We quickly readied the boat for the sail and dropped the dock lines and motored out. Strike while the iron’s hot as they say. It was the usual beautiful afternoon on Banderas Bay—literally every afternoon here is sunny, hot, and the wind blows 10-20 knots starting around midday. We put up sail just outside the breakwater and began reaching across the bay with a sharp eye out for marine wildlife to point out to the folks. Well, in that we were not disappointed. First we saw a turtle floating a bit off the boat and then, whoa, a whale blow. We tacked around to follow the direction the whale was traveling and proceeded to be thrilled by whale sightings for the next 30-45 minutes. He blew, he sounded (dove and showed his tail flukes) and eventually he breeched (jumped clear of the water) all within a quarter mile from us, the breeching as close as 100 yards!
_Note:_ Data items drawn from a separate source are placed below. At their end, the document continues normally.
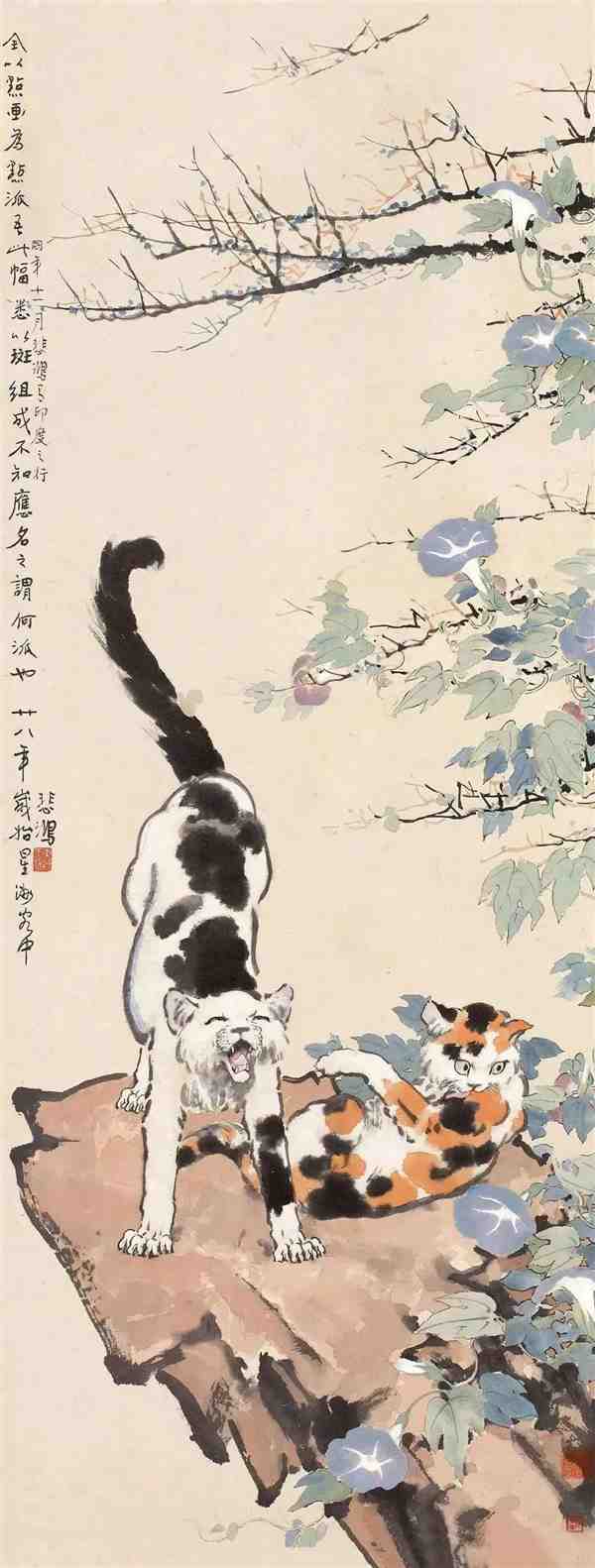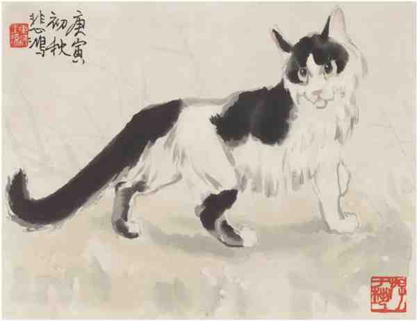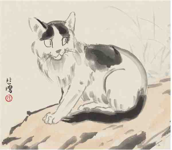在徐悲鸿的众多作品中,禽鸟畜兽题材占据了相当大的比重,其中“猫”更是他钟爱的绘画对象。他热爱猫,养猫、画猫,甚至常常以“猫”作为赠品,赠送给友人,这其中就包括了徐志摩、胡适、吴湖帆、张大千等文化名人。每当有人称赞他的马画得好时,他总是幽默地自诩:“人家都说我的马好,其实我的猫比马画得好。”
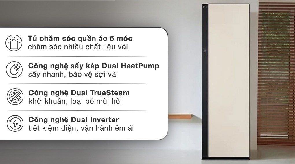 Công nghệ Dual TrueSteam có khả năng nhận diện được từng loại vải khác nhau, từ đó đưa ra lượng hơi nước phù hợp nhất để làm sạch. Hiệu quả hoạt động có thể khử khuẩn lên đến 99% và loại bỏ được hoàn toàn mùi hôi khó chịu.
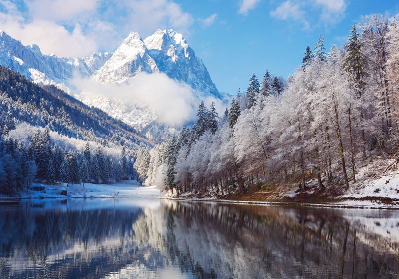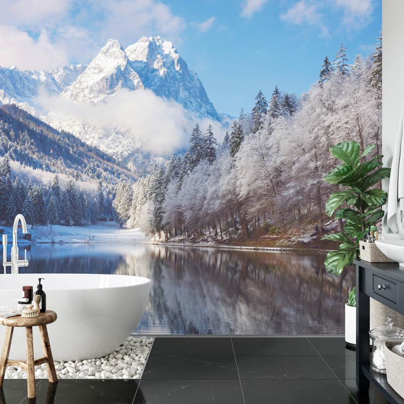 Lassen Sie sich von der märchenhaften Pracht der Fototapete Winterlandschaft verzaubern. Erleben Sie die Ruhe der verschneiten Landschaften, der gefrorenen Seen und der mit Kiefern besetzten Bäume, die dieses Winterwunderland ausmachen.

We were all thrilled and excited. The crew of Qayaq could not have ordered up a better show if they planned it. Everyone was delighted with the afternoon! By the time we headed in about 2 hours later the water had become choppy from the consistent 15 knot breeze, but, through it all my Dad felt well. Hallelujah!!
The visit was delightful and we were very sad to see my parents go home. It was fun to share our lives with them. They even attended a cruisers meeting where I gave a medical talk and met some of our cruiser friends.
The next week was spent with our friends socializing some more, doing some exploring and trading some medical expertise for help in setting up a real website. Yup, that’s the big news this dispatch—check it out www.qayaq.net and see the early website development. The logbook will send you to the blogsite for the dispatches and, eventually, soon, we’ll post a lot of our pictures.
We are now anchored off another village on Banderas Bay, La Cruz, a darling small “real Mexican” town that welcomes cruisers and provides a nice “home” for a bunch of boats as well as some Americans who have settled here in Mexico. Happily, we are speaking Spanish again. We enjoyed live music with one of our friends playing and will go to a Mexican Fiesta this weekend. In this small town, we are able to get free wireless internet from our boat anchored off the breakwater—ironically, it’s been easier to get free internet in smaller towns than in PV where we could have it for a fee. The water is warm-ish and we spent a couple hours cleaning the bottom of our boat the other day. In these tropical waters, the marine life tends to grow on the hull of the boat so scraping and wiping it needs to happen every few weeks. We still got a little cold doing it, but we can look forward to warmer water still as we head south again in a while.
Our next stops will be on the Mexican Riviera including Tenicatita and Bahia de Navidad before we turn back north to head for the Sea of Cortez for the spring. We hope to see Copper Canyon on the way back north (an inland trip from Mazatlan). Take care all.